アジア系企業への救済措置不十分
コロナ禍導入のPPP融資で地域差
ニューヨーク市内のアジア系企業が、新型コロナウイルスの感染拡大を踏まえた連邦政府の救済措置を十分に受けられていない実態が、アジア系米国人連合会の新たな報告書で明らかになった。NY1が23日、伝えた。
報告書で引用されたデータによれば、パンデミック後に政府が導入した「PPP融資」を巡り、アジア系住民が多いクイーンズ区フラッシングと、街の高級化が急速に進むブルックリン区グリーンポイントを比較したところ、提供を受けた企業の割合はグリーンポイントが2倍以上の差を付けていた。
PPP融資は、コロナ禍で経済的な影響を受けた中小企業向けの財政支援策。コロナ前、アジア系企業は主に外食産業や洗濯サービス、小売業、衣料品製造業などの分野で、急成長を遂げていた。オーナーがスタッフを雇用しないアジア人経営の非雇用型ビジネスは、2012~2017年で31%増えており、他の人種が展開するビジネスよりも上回っていた。
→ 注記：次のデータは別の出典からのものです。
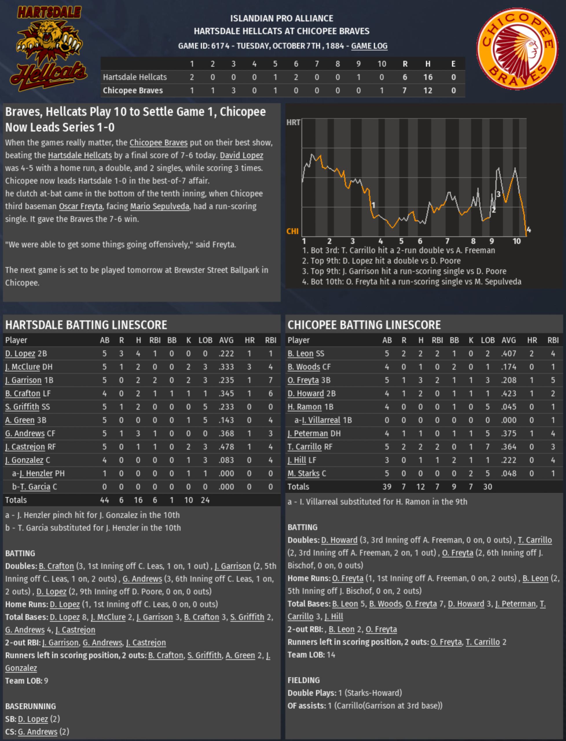 Denton City may need more pitching and better defense, along with better lineup protection for Freeman, at least, if they want to have better chances of winning Pro Cup titles before he retires. Freeman's now about 33 or 34 years old in your IPA, I think, so it's quite likely that he might retire before he's 40 or so years old, in terms of his playing career. Walton's not much younger than him, either, so both of them will probably be retired within the next five or so years, more or less, at most, if memory serves me correctly.

研究者は、地域ごとの貧富の差に加え、多くのアジア系企業が金融機関と長年の付き合いがないことが背景にあると分析している。アジア系米国人連合会の関係者は「銀行と良好な取引関係を築いていれば、ローンを申し込むのも簡単だ」と強調。アジア系企業の支援に向けた政策提言として、中国語や韓国語以外の言語での資料提供などを掲げた。